For long-horizon retirement investors, InterDigital, Inc.
(IDCC) is the stronger choice — it scores higher on the combination of lower volatility, dividend reliability, and long-term compounding (low volatility (β 1. 11), 0. 6% yield, +438. 2% 10Y return). Applied Materials, Inc. (AMAT) carries a higher beta of 2. 19 — meaning larger drawdowns in market downturns, which matters significantly when you cannot wait years for a recovery. Both have compounded well over 10 years (IDCC: +438. 2%, AMAT: +21. 4%), confirming both are viable long-term holds — but the lower-volatility option typically results in less emotional selling during corrections. Retirement portfolios generally favour predictability over maximum returns. Consult a financial advisor before making allocation decisions.
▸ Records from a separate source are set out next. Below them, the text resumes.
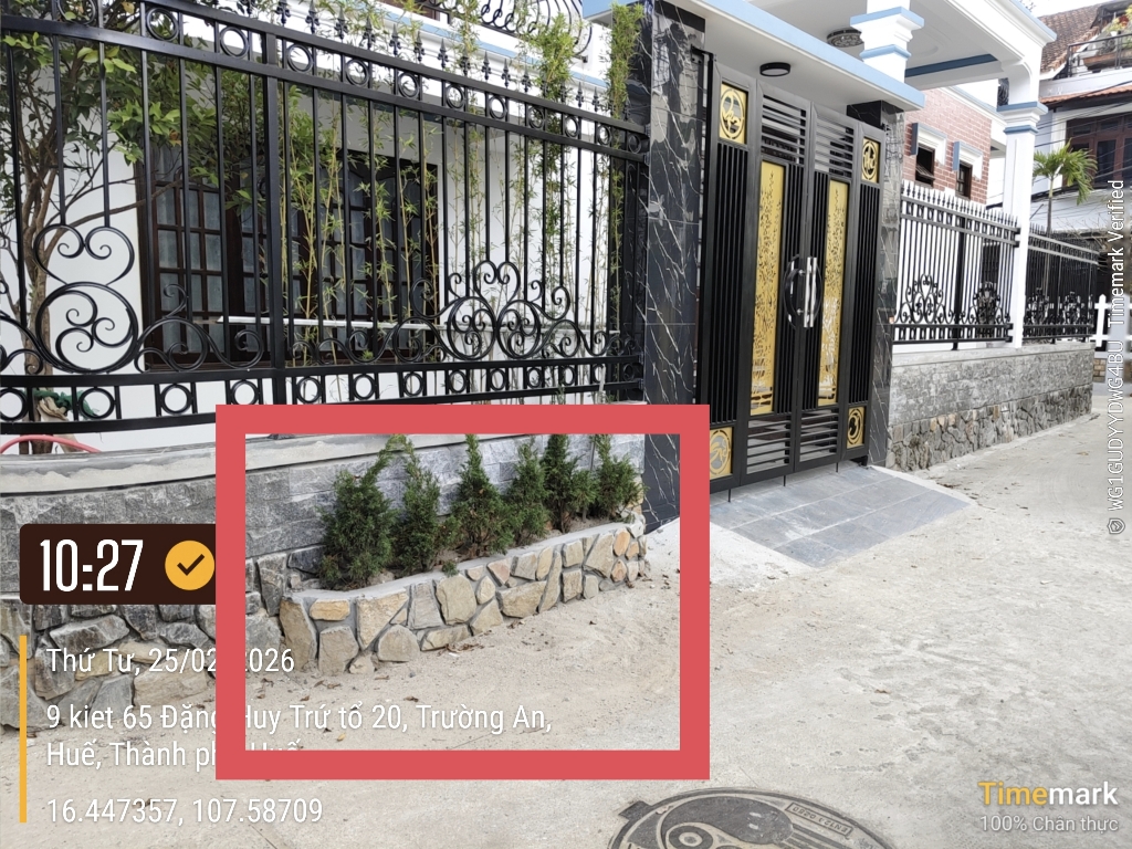 Tại thời điểm kiểm tra có Tổ trưởng Tổ dân phố 8 phường Phước Vĩnh (Cũ), Trung tâm đã tiến hành làm biên bản làm việc với bà Đ.T.B.T - chủ nhà, Bà T có ý kiến: Căn nhà này, Bà mua lại năm 2025 có sơn sửa lại nhưng đều nằm trên hiện trạng cũ trước đây, tôi có xây thêm bồn hoa phía trước nhà.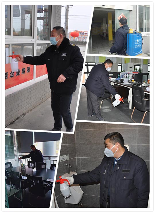 每天對辦公區(qū)、廠區(qū)、公共設施進行兩次消毒工作,積極預防感染,加強空氣的流通,禁止使用空調,嚴格實行分餐制度。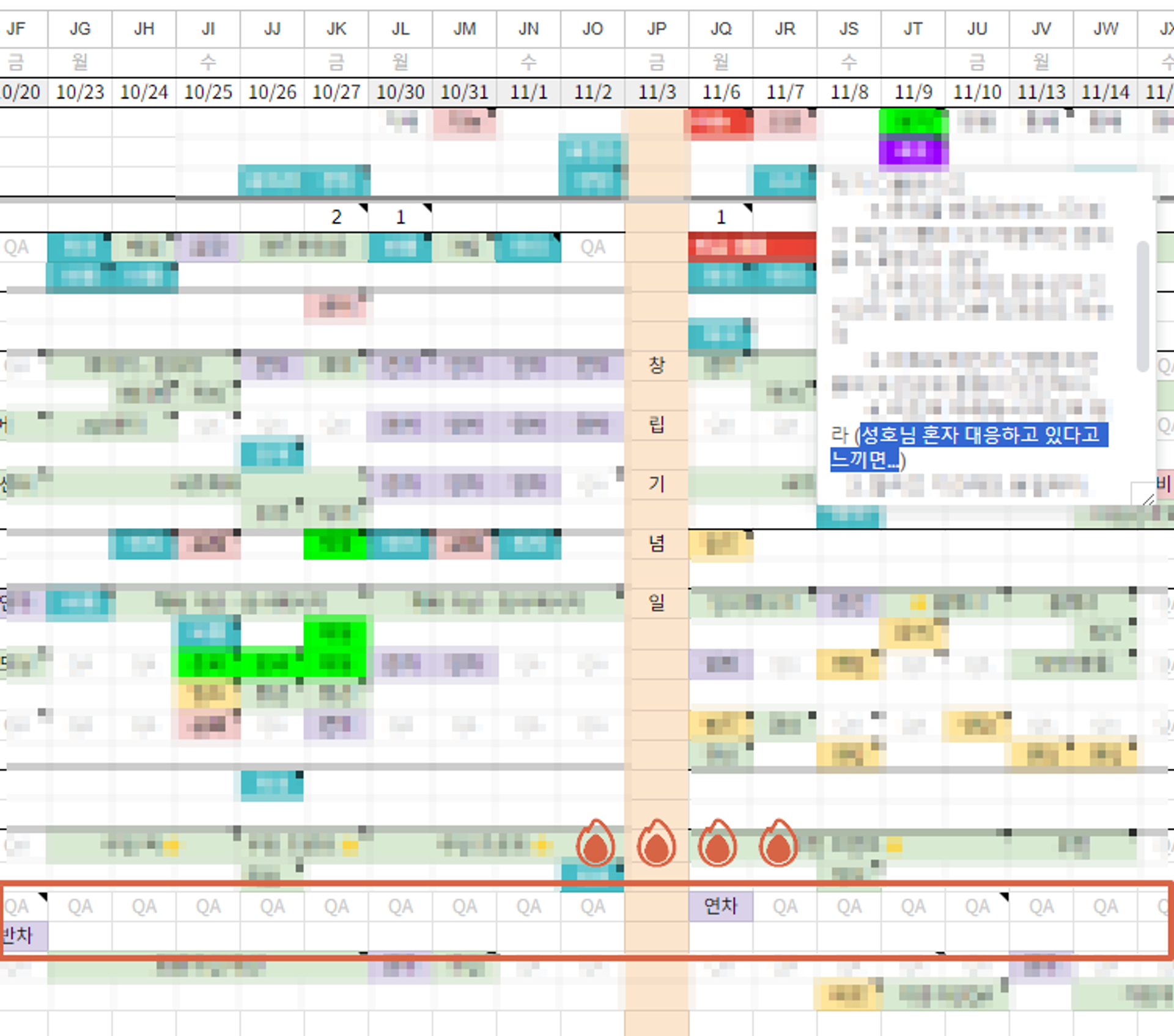 빨간색 테두리로 친 부분이 나의 스케줄이다. QA라고 적혀있는데 유지보수한다고 보면 된다.

10What are the main differences between INVE and CEVA and IDCC and AMAT?
Both stocks operate in the Technology sector, making this a peer-level intra-sector comparison — the same macro tailwinds and headwinds will affect both.
In terms of investment character: INVE is a small-cap deep-value stock; CEVA is a small-cap quality compounder stock; IDCC is a small-cap quality compounder stock; AMAT is a large-cap quality compounder stock. IDCC pays a dividend while INVE, CEVA, AMAT do not, making them suitable for different income and tax situations. These fundamental differences mean investors should not choose between them on a single metric — the "better stock" depends entirely on which of these characteristics aligns with your investment strategy.